Rep. Darrell Issa (R., Calif.) asked Facebook’s Mark Zuckerberg and Twitter CEO Parag Agrawal on Thursday to preserve all internal records related to the companies’ suppression of news coverage of Hunter Biden’s laptop in 2020, according to copies of the congressional preservation letters obtained by the Washington Free Beacon.
The congressman is asking Zuckerberg, Agrawal, Facebook communications director Andy Stone, and former Twitter CEO Jack Dorsey to "Immediately initiate document preservation for all materials relating to questions, inquiry, conversation, strategy, and response to the media reporting of the Hunter Biden laptop and/or its contents that first appeared in the New York Post on October 14, 2020," and to notify employees, consultants, and subcontractors who might have access to relevant materials.
Issa said his office is investigating efforts by social media outlets and Democratic operatives to stifle the New York Post bombshell story about Hunter Biden’s corrupt foreign business dealings, which was based on emails found on Hunter’s abandoned laptop.
"This is the scandal that Big Tech and the Democrat industrial complex wish would go away," Issa told the Free Beacon. "They know what they did, and of course they think they’ve gotten away with it. That’s why it’s critical that we not squander the opportunity for accountability."
Issa also sent preservation requests to top Biden 2020 campaign aides—including now-White House press secretary Jen Psaki and chief of staff Ron Klain—as well as a group of Biden-supporting former U.S. intelligence officials who claimed the laptop appeared to be part of a "Russian information operation."
The preservation requests don’t have the legal power of a congressional subpoena, but companies could take a political risk if they refuse to comply—particularly if Republicans gain the House majority next year, giving them control of investigative committees and subpoena authority.
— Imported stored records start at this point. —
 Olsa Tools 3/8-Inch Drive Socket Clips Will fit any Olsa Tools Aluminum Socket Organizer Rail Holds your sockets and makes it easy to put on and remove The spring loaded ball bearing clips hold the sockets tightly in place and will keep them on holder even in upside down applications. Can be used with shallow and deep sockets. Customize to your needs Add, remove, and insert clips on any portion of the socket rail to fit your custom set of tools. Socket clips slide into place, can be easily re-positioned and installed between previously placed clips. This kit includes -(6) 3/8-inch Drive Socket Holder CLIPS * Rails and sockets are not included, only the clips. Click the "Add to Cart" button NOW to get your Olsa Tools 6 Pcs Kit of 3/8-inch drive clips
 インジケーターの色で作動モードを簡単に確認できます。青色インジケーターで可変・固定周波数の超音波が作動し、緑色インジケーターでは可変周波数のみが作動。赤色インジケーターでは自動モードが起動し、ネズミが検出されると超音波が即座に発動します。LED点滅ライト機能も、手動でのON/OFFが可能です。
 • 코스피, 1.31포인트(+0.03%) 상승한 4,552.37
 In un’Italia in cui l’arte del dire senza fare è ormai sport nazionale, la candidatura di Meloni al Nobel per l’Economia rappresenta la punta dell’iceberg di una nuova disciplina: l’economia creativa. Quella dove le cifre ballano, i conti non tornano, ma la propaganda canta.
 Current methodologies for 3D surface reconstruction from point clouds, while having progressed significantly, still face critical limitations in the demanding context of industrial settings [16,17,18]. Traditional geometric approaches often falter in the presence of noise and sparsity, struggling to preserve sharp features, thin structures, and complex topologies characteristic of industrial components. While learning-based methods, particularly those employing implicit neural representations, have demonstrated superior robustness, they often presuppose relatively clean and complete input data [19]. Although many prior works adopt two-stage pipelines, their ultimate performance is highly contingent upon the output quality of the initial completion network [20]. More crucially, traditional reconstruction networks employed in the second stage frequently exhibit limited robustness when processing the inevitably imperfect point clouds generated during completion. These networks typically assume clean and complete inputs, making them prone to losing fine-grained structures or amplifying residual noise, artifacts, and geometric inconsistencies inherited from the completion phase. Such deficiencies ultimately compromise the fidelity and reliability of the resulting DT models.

Although there was no evidence in 2020 that the Post’s reporting was inaccurate—and even Hunter Biden didn’t deny that the emails were real—Democrats decried the story as Russian "misinformation," and Facebook and Twitter took unprecedented steps to prevent users from viewing or sharing it weeks before the election.
Facebook announced that it would be "reducing [the story’s] distribution on our platform" and changed its algorithm to make posts about the article less visible. Twitter locked the Post’s account and barred users from sharing the link, claiming it was "potentially harmful."
Facebook declined to comment.
Numerous other news outlets have since corroborated the Post’s reporting.